Перемена эта была для нее несчастьем; это был опасный шаг вперед. Вдобавок, нужны были новые траты, чтоб приобрести себе друзей в Сен-Жозефе. Эта тюрьма, более отдаленная от нас, чем прежняя, делала сообщения еще более затруднительными. Одним словом, мне казалось теперь, что всякая надежда на освобождение исчезла безвозвратно. Я мечтала еще иногда об нем за затворами прежней тюрьмы; одна только тетушка не ожидала ничего хорошего.

В первое время заключения в новой темнице, когда арестантов было еще мало, раз как-то сторож, принявши тетушку за посетительницу, взял ее за руку, чтоб выпроводить за дверь. «Ах, зачем, зачем вы его не послушались!» воскликнула я в порыве неописанного горя. — «Я плохо хожу, ответила она мне спокойно, — и решительно никого здесь не знаю; куда же было мне идти? Меня бы опять схватили и стали бы обращаться со мной хуже прежнего, да и остальные заключенные могли бы пострадать от этого!»... Действительно, несколько дней спустя, из тюрьмы бежал вор, и суровые меры, принятые вследствие этого, отозвались на всех арестантах. Помимо строгого надзора, узницы подвергались еще худшим неприятностям в таком смешанном обществе; не совсем безопасно было прогуливаться по этому двору, куда выходили дышать зловонным воздухом вместе с героями больших дорог. В то время как вы предавались радости при виде голубого неба, эти молодцы очищали ваши карманы. Таким образом, тетушка моя лишилась своего бумажника. Я просто не могу и теперь еще надивиться этой утонченности, так ловко пущенной в ход для того, чтоб окончательно разорить нас.

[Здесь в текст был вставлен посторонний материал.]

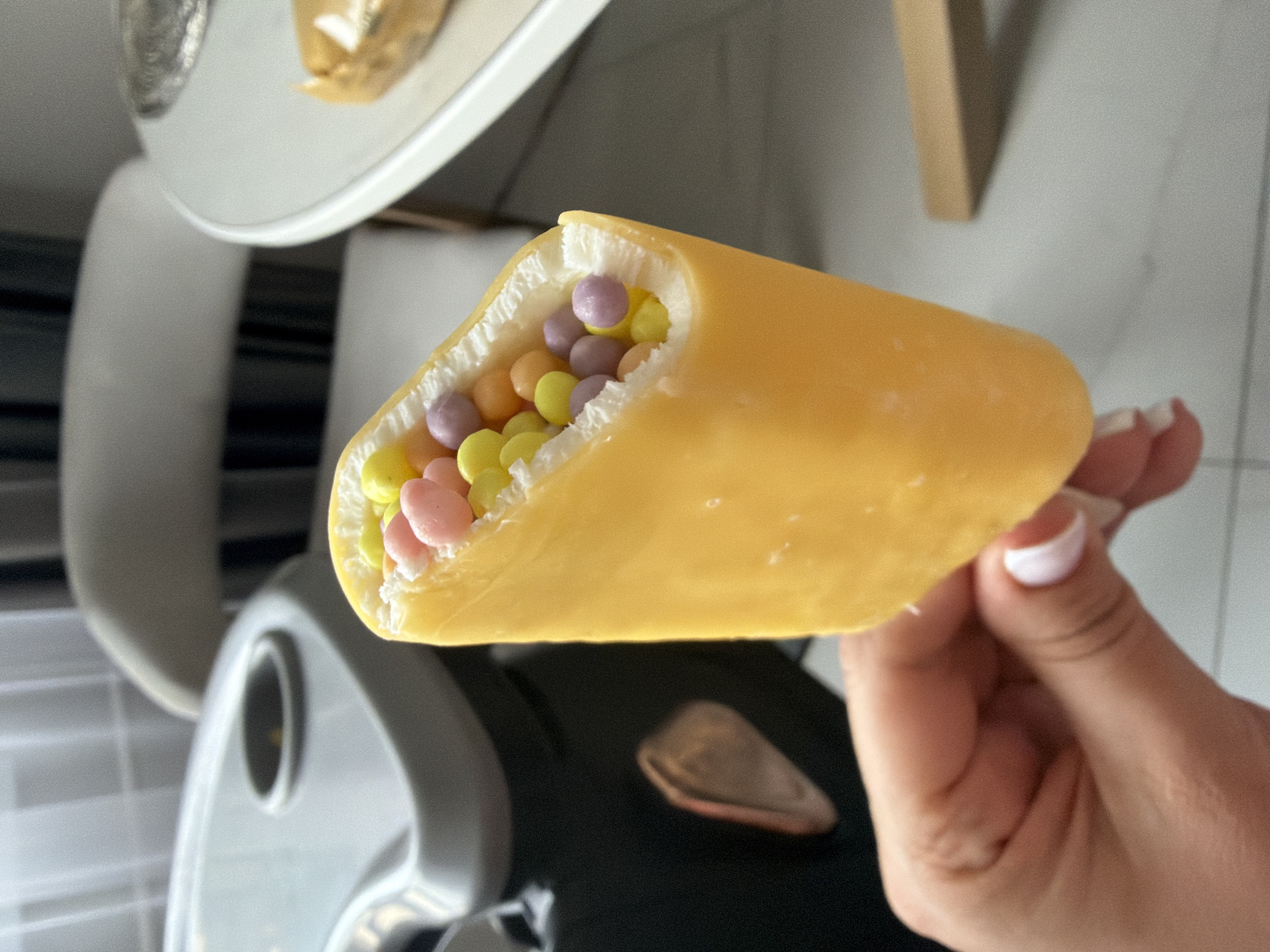 The scene, located in the city of Chaikovsky, Russia, features a human hand holding a partially consumed yellow popsicle bar in the foreground. The popsicle's exterior is yellow, and a distinct bite mark on its upper portion reveals a white interior packed with numerous small, spherical candies in shades of yellow, pink, purple, and orange. The hand exhibits manicured fingernails with white tips. The background is an out-of-focus indoor domestic setting. Visible elements include a grey and black object resembling a high chair tray with a cup holder positioned to the left, and a white round table on the right, upon which a blurred, possibly gold-wrapped item rests. Further into the background, indistinct forms of furniture and a window with sheer curtains are visible.

Во время своего пребывания в тюрьме Затворниц, тетушка составила план удалить меня из Лиона. Не имея более никакой надежды за себя и вполне отрекшись от собственной жизни, она заботилась только о том, как бы спасти меня, и под предлогом важного дела, непременно требовавшего присутствия одной из нас в Париже, она старалась вынудить у меня обещание поехать с г-жей де-Плант, которая собиралась отправиться туда, как только будет освобождена. Но я не дала этого обещания. Мне не могло и придти на мысль покинуть тетушку; но, несмотря на мое сопротивление, она не отказалась от своего намерения, приводившего меня в отчаяние. Г-жа де-Плант, как я уже говорила, вышла замуж за офицера, который один только спасся во время убийств в Пьер-Сизе. Это обстоятельство делало ее положение очень опасным; но, несмотря [122] на это, она надеялась на освобождение, рассчитывая, вероятно, на чье-то покровительство; и тетушка моя, имевшая в виду только опасность моего пребывания в Лионе, сосредоточила все свои помысли на том, как бы ускорить мой отъезд; я тогда ровно ничего не знала о том, что порешили между собой эти две женщины, и избегала делать какие-либо вопросы по этому поводу; но Провидение, расстроив эти планы, избавило меня от несчастья оказать тетушке непослушание. Я не могла надивиться величию ее характера и в глубине души преклонялась перед этим полным самозабвением, перед этой самоотверженной любовью, которая старалась защитить и оградить меня от всех бедствий; перед этой любовью, которая говорила мне: «Лишь бы тебя спасти, а я не страшусь ни страданий, ни одиночества, ни смерти!» Но поездке этой не суждено было осуществиться. Г-жа до-Плант последовала за моей тетушкой на эшафот. Все же этот план занимал их обеих и сократил им в последнее время много печальных часов. Это было серьезное дело, драгоценная надежда как для той, которая мечтала о свободе, так и для другой, которая на краю могилы заботилась о спасении покидаемой ею сироты.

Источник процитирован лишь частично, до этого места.